A autópsia foi realizada após o corpo ser repatriado ao Brasil e complementa o exame inicial feito pelas autoridades indonésias. Embora o primeiro laudo apontasse que Juliana teria falecido cerca de 20 minutos após o acidente, o relatório brasileiro não conseguiu confirmar com precisão o momento exato da queda. O corpo foi encontrado quatro dias após o desaparecimento.
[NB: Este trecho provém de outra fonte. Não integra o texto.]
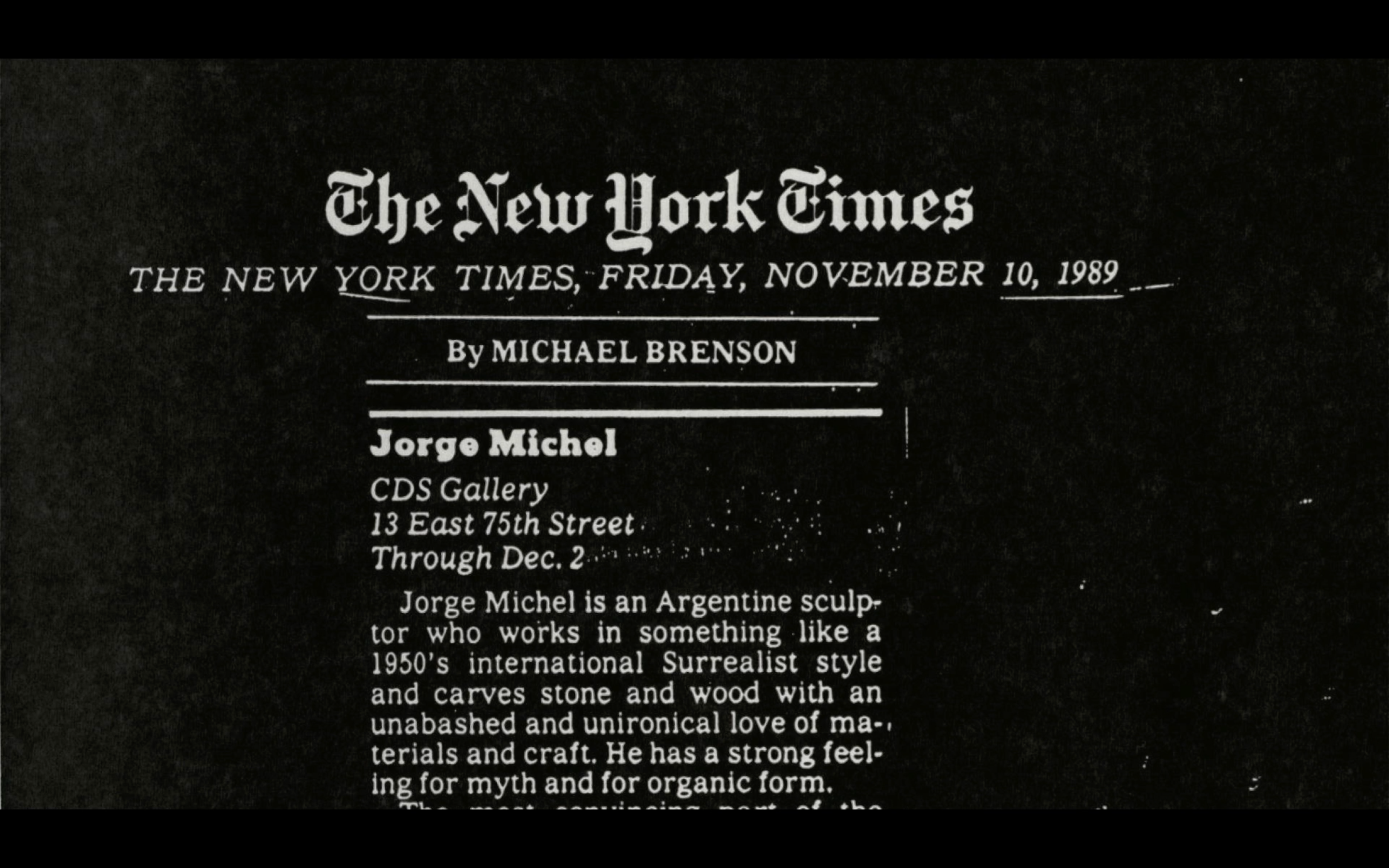 El archivo: «Arranqué teniendo muy poco archivo. Cada cosita que iba apareciendo (una ficha en el Museo Moderno, un sello con el nombre de mi abuelo, cinco recortes o fotos impresas, etc) las iba digitalizando en la mejor calidad posible. Sabía que estaba digitalizando material para una película, pero también armando el archivo de un artista. Se convirtió en una de las columnas que enriquecen la película».

Exames não apontam violência ou uso de substâncias

A perícia descartou a presença de sinais de agressão física anterior ao acidente, como marcas de contenção ou luta. No entanto, algumas escoriações observadas no corpo podem ter sido provocadas pelo relevo acidentado da trilha onde a queda ocorreu. Também não foram identificados indícios de uso de drogas.

Fatores ambientais, como estresse extremo, isolamento e a dificuldade da trilha, também podem ter contribuído para o acidente, segundo os peritos. Nesse sentido, a hipótese é que Juliana tenha se desorientado antes de sofrer a queda.

Motivo da nova autópsia

A realização de uma nova autópsia foi solicitada pela família da vítima, com apoio da Defensoria Pública da União (DPU), após questionamentos sobre inconsistências no atestado de óbito emitido pela Embaixada do Brasil em Jacarta. De acordo com a família, o documento se baseava apenas nas informações da necropsia feita na Indonésia, que não esclarecia de forma definitiva se Juliana poderia ter sido socorrida a tempo.

O primeiro exame foi feito no hospital de Bali em 26 de junho, um dia após a remoção do corpo do parque nacional. Segundo o legista indonésio Ida Bagus Putu Alit, Juliana morreu em decorrência de múltiplas fraturas internas, com provável morte em menos de 20 minutos. Ele também descartou hipotermia como causa ou fator agravante. A nova autópsia no Brasil reforça a conclusão de que a causa da morte foi o impacto da queda.